Ms. Lamarche blasted over me: “YOU GUYS, I WANT TO SEE A LINE, PLEASE.”

“Mr. Baker,” said Porter. “Devin and Marshall are sharing their food.”

“I think your name is funny,” said Jonas.

“I’M GOING TO START MY TIMER,” said Ms. Lamarche. “WHATEVER IT TAKES YOU GUYS TO LINE UP AND BE QUIET IS WHAT WE’RE GOING TO DO DURING RECESS. Caroline! I WANT A STRAIGHT, QUIET LINE, PLEASE. YOU GUYS KNOW THE RULES.” She roared so loudly this time she made herself cough.

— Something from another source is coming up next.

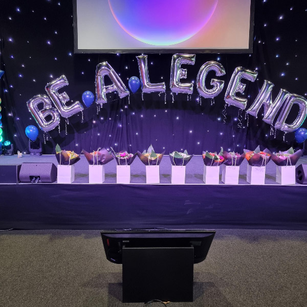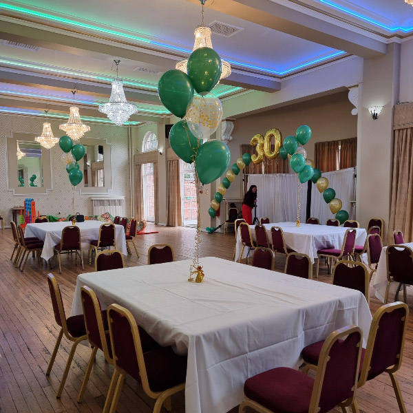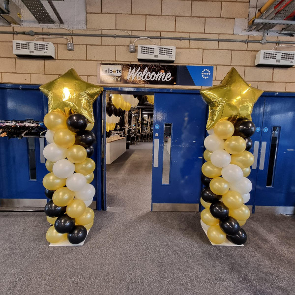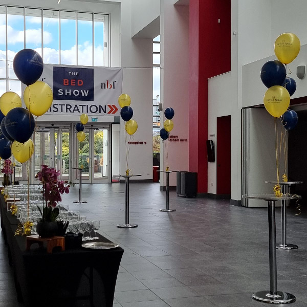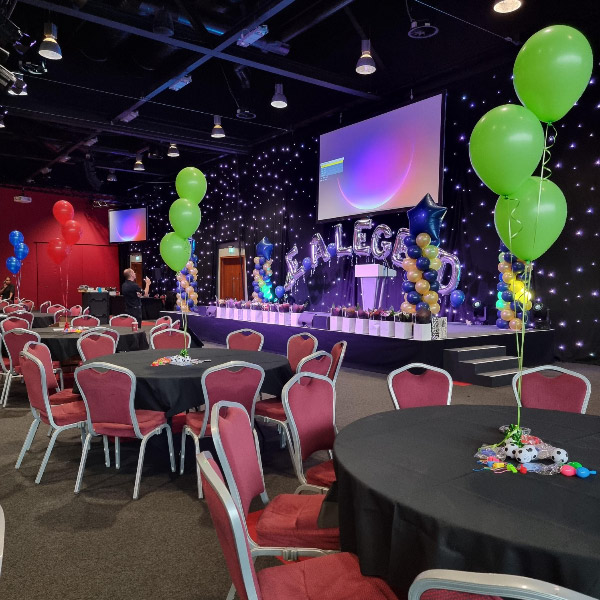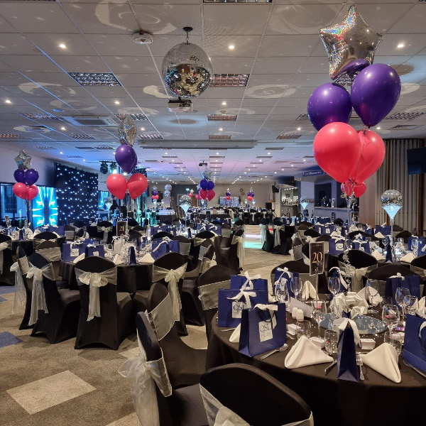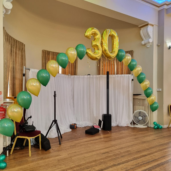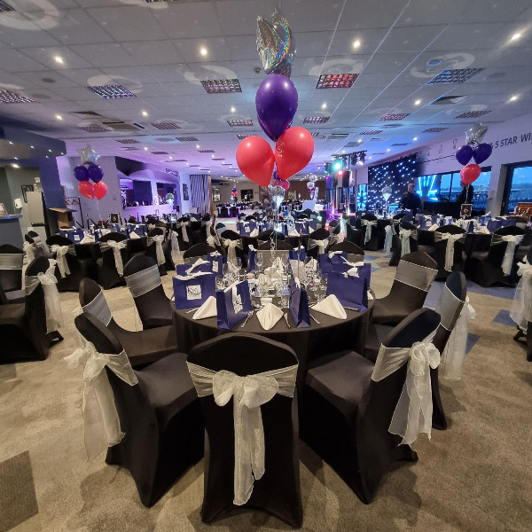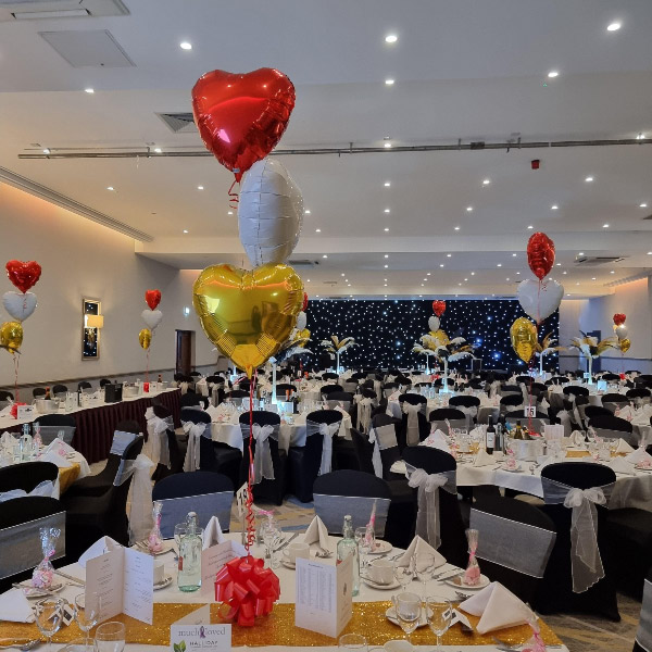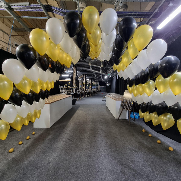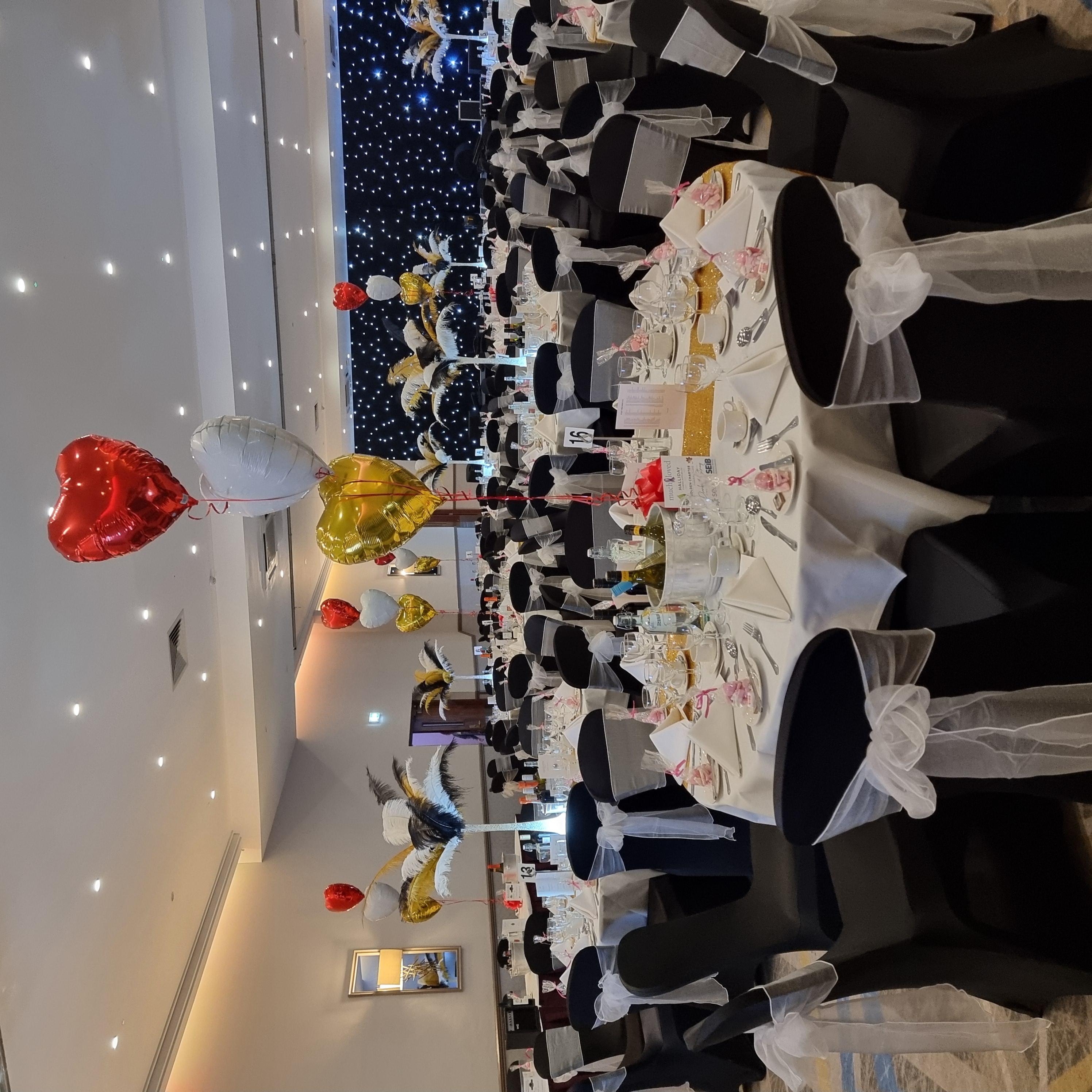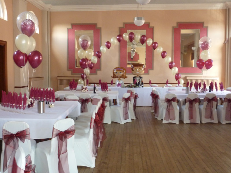We can also prepare balloon arches, columns and floor standing balloons to add the finishing touch to your event. We also fit chair covers and can supply black table cloths as well as table centrepieces and entrance displays.

The cafeteria was three-quarters full and even louder than during lunch. Mrs. Shorter, one of the teachers, shouted the crowd down. “BOYS AND GIRLS. IF WE HAVE A LOCKDOWN IN THE CAFETERIA, WE ALL NEED TO GO INTO THE KITCHEN. In the kitchen there are places that we go. We have the office, which is the first room. We have the storage closet, which has food in it, the second room. We have the back room. And we have the chemical room. Also, we have the refrigerator, the walk-in cooler. Your hands cannot touch anything in any of those rooms!” The day before, Mrs. Shorter said, when they’d done a similar drill, there were a couple of issues. It got crowded in some of the rooms, especially in the chemical room, and it was impossible to close the door. Also, there might not be an adult in the room with you. “You need to be responsible for NO TALKING in that room. YOU ARE NOT LOOKING FOR YOUR FRIENDS. YOU ARE NOT CHOOSING THE ROOM YOU GO INTO. You’re going to a space as a space! IF YOU WALK INTO THE REFRIGERATOR, yes, it’s going to be cold, but you will not freeze. In the refrigerator, there’s a second door. That’s the freezer. We’re not going into the freezer.”